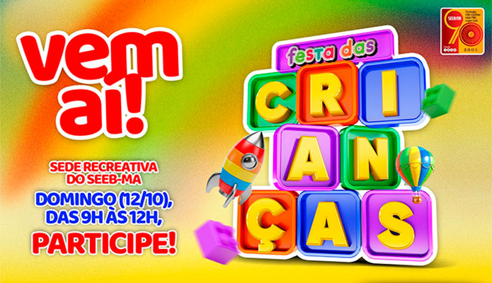 Olá, bancário(a)! Em comemoração ao Dia das Crianças, leve seus(suas) filho(as) para uma manhã de muita alegria no domingo (12/10), das 9h às 12h, na Sede Recreativa do SEEB-MA, no Turu.
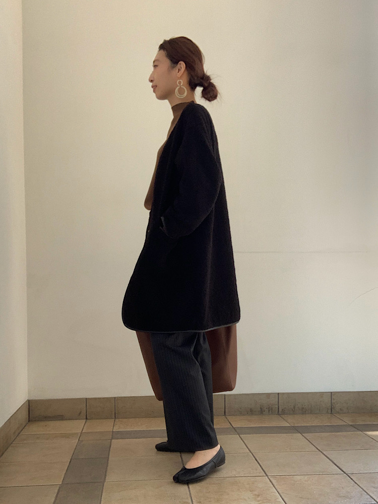 黒のボアコートは、カジュアルすぎない印象に。 着丈も長すぎず、ワイドパンツやスカートとも合わせて頂きやすいです。
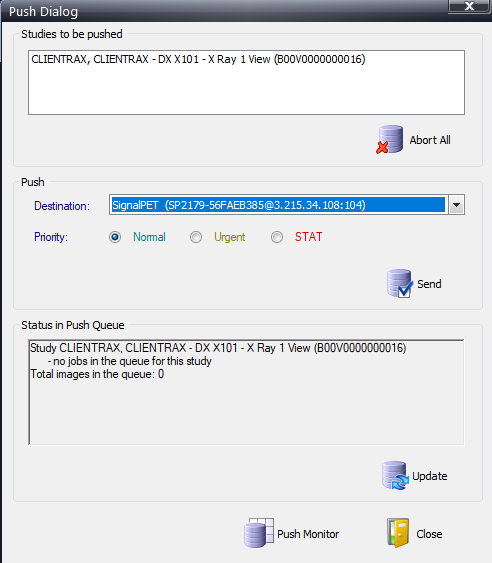 2) Click on study and click on the "Push" icon on the top of the screen. It opens up the dialog below:
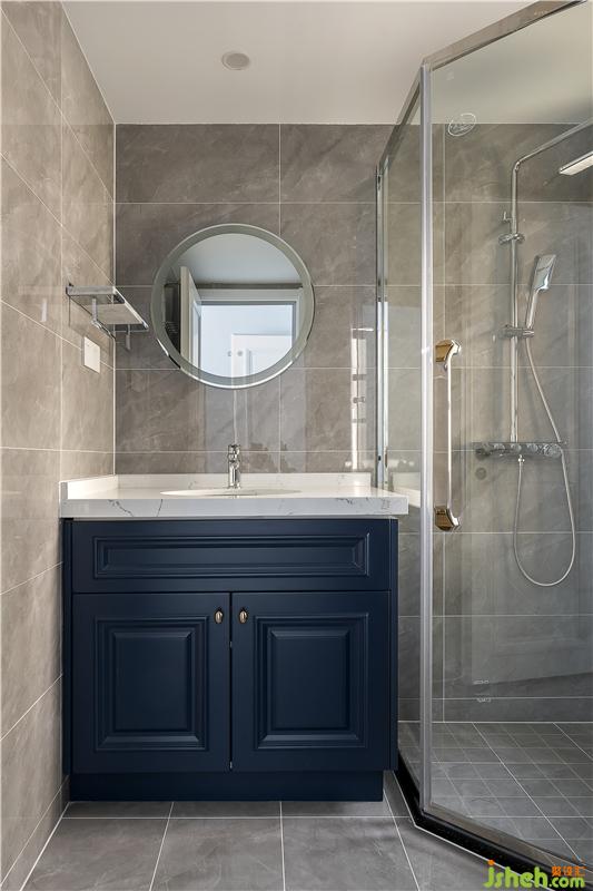 衛(wèi)浴空間墻面鋪滿魚骨形狀瓷磚,結(jié)合圓鏡和藍(lán)色的抽屜柜,優(yōu)雅之感應(yīng)運(yùn)而生。
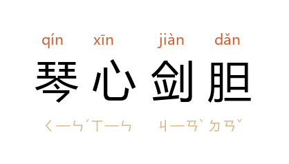 引元 吴莱 《寄董与几》诗:“小榻琴心展,长缨剑胆舒。”清 古越嬴宗季女 《六月霜》第三出:“你如莫邪刚,并剪快,哀梨脆,琴心剑胆羞姿媚。”
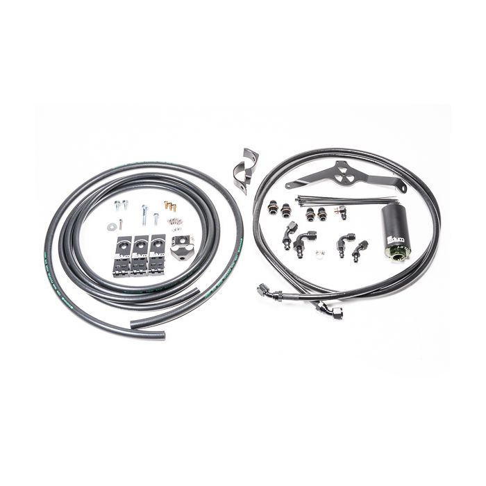 These optional fuel hanger plumbing kits include a filter, hose, fittings, hardware, etc. They add the necessary post pump filtration required when using the Radium Engineering fuel pump hanger.

What you should do> Please retype the whole listing above exactly, without any of its images.

Answer box>
 Olá, bancário(a)! Em comemoração ao Dia das Crianças, leve seus(suas) filho(as) para uma manhã de muita alegria no domingo (12/10), das 9h às 12h, na Sede Recreativa do SEEB-MA, no Turu.
 黒のボアコートは、カジュアルすぎない印象に。 着丈も長すぎず、ワイドパンツやスカートとも合わせて頂きやすいです。
 2) Click on study and click on the "Push" icon on the top of the screen. It opens up the dialog below:
 衛(wèi)浴空間墻面鋪滿魚骨形狀瓷磚,結(jié)合圓鏡和藍(lán)色的抽屜柜,優(yōu)雅之感應(yīng)運(yùn)而生。
 引元 吴莱 《寄董与几》诗:“小榻琴心展,长缨剑胆舒。”清 古越嬴宗季女 《六月霜》第三出:“你如莫邪刚,并剪快,哀梨脆,琴心剑胆羞姿媚。”
 These optional fuel hanger plumbing kits include a filter, hose, fittings, hardware, etc. They add the necessary post pump filtration required when using the Radium Engineering fuel pump hanger.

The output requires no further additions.